Last week we released Cesium World Bathymetry, a new global tileset that enables you to build applications that visualize underwater environments like ocean floors, along coastlines, or inland bodies of water. This post will describe a few best practices to enhance the visualization of bathymetric terrain using CesiumJS such as lighting, contour lines, and depth shading.

The code examples below are drawn from this complete Sandcastle example. Features shown in the example are broken down in more detail below.

Cesium World Bathymetry

First, connect to Cesium ion then set Cesium World Bathymetry to be your terrain provider.

const viewer = new Cesium.Viewer("cesiumContainer", {
  terrainProvider: await Cesium.CesiumTerrainProvider.fromIonAssetId(
    2426648
  ),
  timeline: false,
  animation: false,
});

Enable lighting

Lighting a scene makes it easier to see the contours of 3D terrain. While the satellite imagery typically displayed on terrain already has light and shadows when captured, imagery of water is usually not as well lit. Using CesiumJS’s lighting options brings attention to the peaks and valleys making it easier to understand topography.
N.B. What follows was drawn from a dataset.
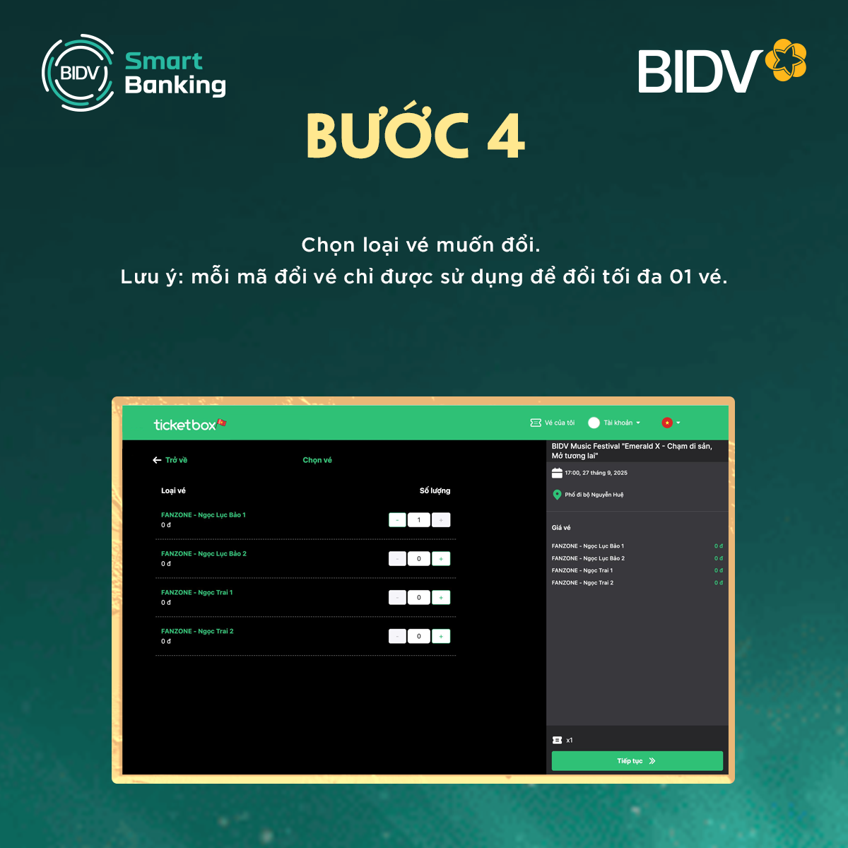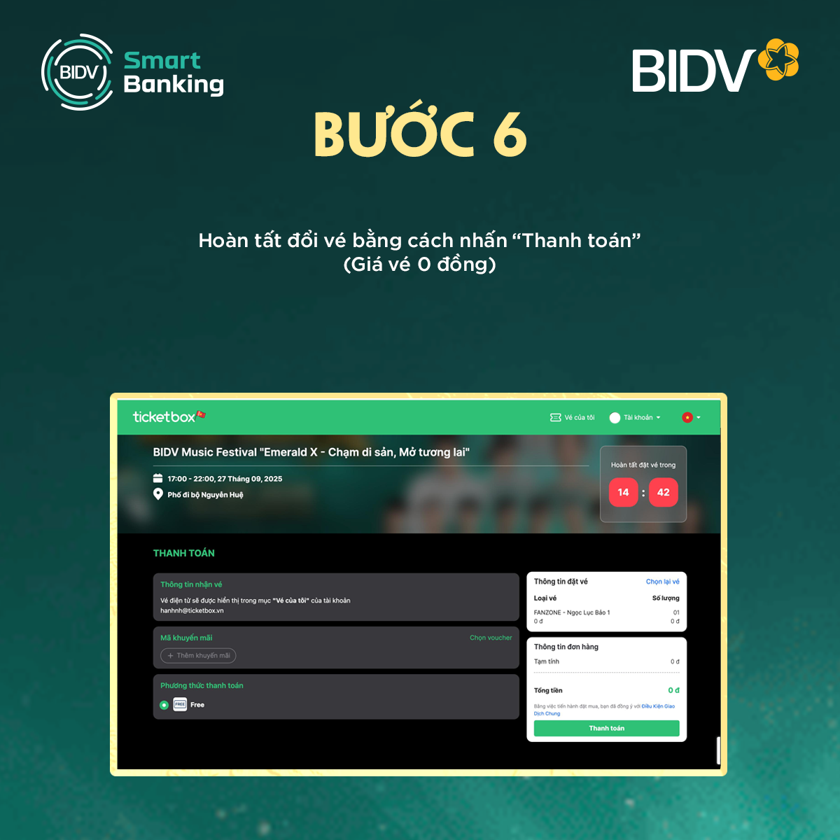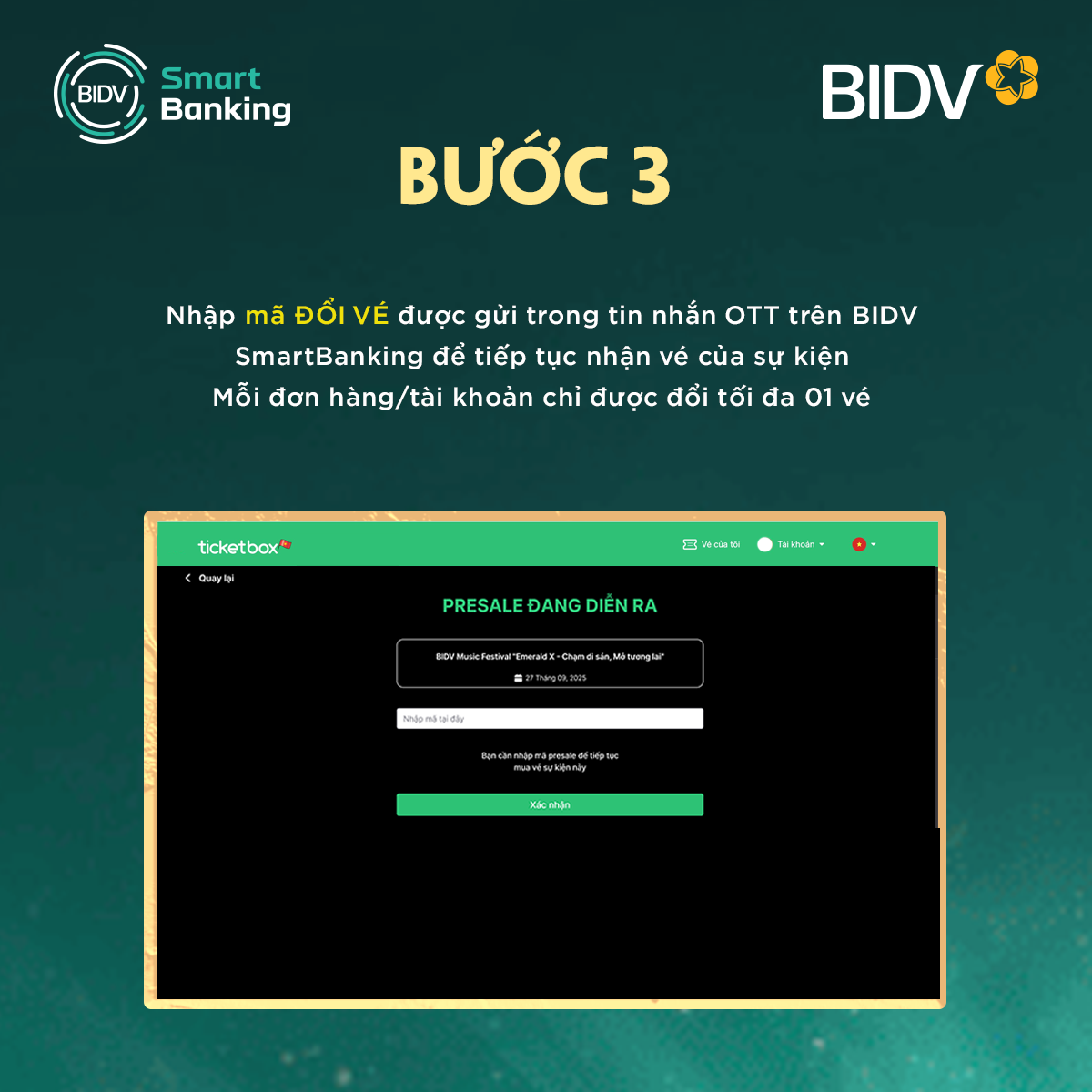 + Trước 20/09: KH đủ điều kiện giao dịch được nhận mã đổi vé thông qua tin nhắn OTT trên ứng dụng BIDV SmartBanking. + Ngày 22/09 đến hết ngày 24/09: KH thực hiện đổi vé Online tại https://ticketbox.vn/ + Sau khi đổi vé thành công, khách hàng nhận vé Online qua email đã đăng ký. |
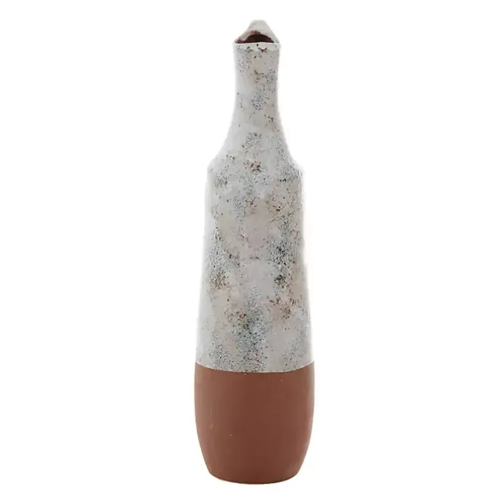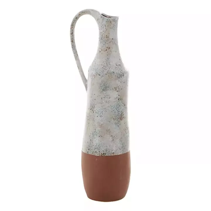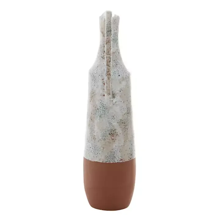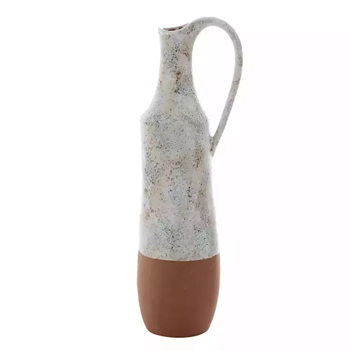 The White and Rust Brown Ceramic Vase complements any farmhouse home. The bubbled, marble-like glaze and exaggerated handle add a unique statement to any room.

Cesium World Bathymetry - CesiumJS, no lighting example

Cesium World Bathymetry of Hawaii with no lighting

Cesium World Bathymetry

Cesium World Bathymetry of Hawaii with lighting

Since the terrain geometry is brought into focus, in the examples to follow, the global maximumScreenSpaceError is decreased from the default so that higher detail is loaded sooner.

Disable ground atmosphere and fog

Atmosphere and fog are visualization functions that are useful for land, but not bathymetry. Atmosphere includes a combination of lighting and color effects that make the Earth and sky appear more realistic, helping viewers intuit distance and time of day. 

Fog blends the atmosphere to geometry far from the camera for horizon views. This creates  a more realistic appearance and also assists with performance. However, both atmosphere and fog can make changes in bathymetric elevation difficult to perceive. 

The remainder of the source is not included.